Tahun 2017, merupakan awal bagi Farida Mahri (48) membangun sebuah lembaga pendidikan di salah satu dusun di Kabupaten Cirebon, Jawa Barat. Melalui lembaga pendidikan tersebut, ada sebuah visi besar yang dibawa oleh Farida. Ia bercita-cita dapat membangun desa dengan meningkatkan kemampuan masyarakatnya.
Melalui lembaga pendidikan itu, Farida ingin mengajak anak-anak di desa setempat untuk ikut belajar. Mulai dari belajar menulis, membaca, hingga belajar mengelola sumber daya alam yang ada di sekitar. Semua masyarakat dipersilahkan ikut belajar tanpa ada pungutan biaya sepeser pun alias gratis.

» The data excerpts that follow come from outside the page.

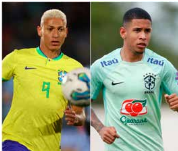
Os atacantes Richarlison, do Tottenham, e Savinho, do Girona, foram chamados por Dorival Júnior. Última vez havia sido em 2000, com Carlos Germano e Sávio.

Agora, Richarlison e Savinho tem a missão de representar o Estado nas próximas partidas com a Amarelinha. O primeiro é velho conhecido da torcida brasileira. Foi o centroavante da Seleção na Copa do Mundo do Catar, em 2022, e é figura carimbada nas convocações.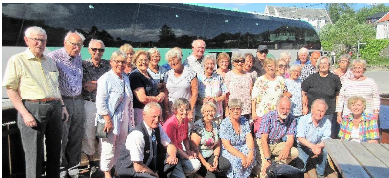
Seniortreffet på tur

kirkelig fellesskap både som ansatte i fremtiden, men ikke minst som ledere og deltagere på kirkens fellesskapsarenaer. Derfor er vi tett på ungdommene så langt det lar seg gjøre. Vi prioriterer å være tilstede som ansatte og voksne på arrangement sammen med ungdommene. I tillegg er det viktig for oss å involvere ungdommene i arbeidet gjennom reell påvirkning og gjennom ansvar. Det er kjekt å se at ungdomsarbeidet i Fana sokn gjennom mange år har rekruttert til alle deler av kirkens virke, og ikke minst at Ten-Sing rekrutterer kirkemusikere.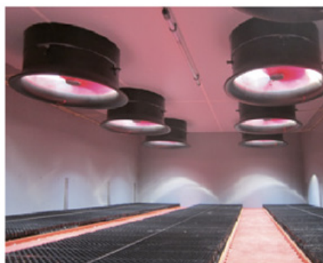
WENTYLATORY Z REGULACJĄ CZĘSTOTLIWOŚCI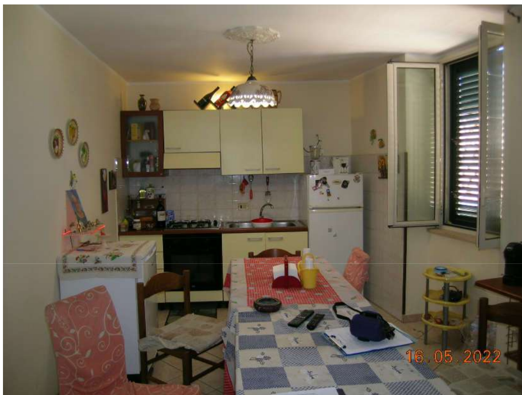
Vano cucina piano 2°

Lembaga pendidikan yang didirikan Farida Mahri itu bernama Sekolah Alam Wangsakerta. Lokasinya berada di Dusun Karang Dawa, Desa Setu Patok, Kecamatan Mundu, Kabupaten Cirebon, Jawa Barat.
SCROLL TO CONTINUE WITH CONTENT
Sekadar informasi, Dusun Karang Dawa, Desa Setu Patok ini merupakan salah satu wilayah di Kabupaten Cirebon yang cukup jauh dari pusat pemerintahan dan belum tersentuh oleh sarana transportasi umum.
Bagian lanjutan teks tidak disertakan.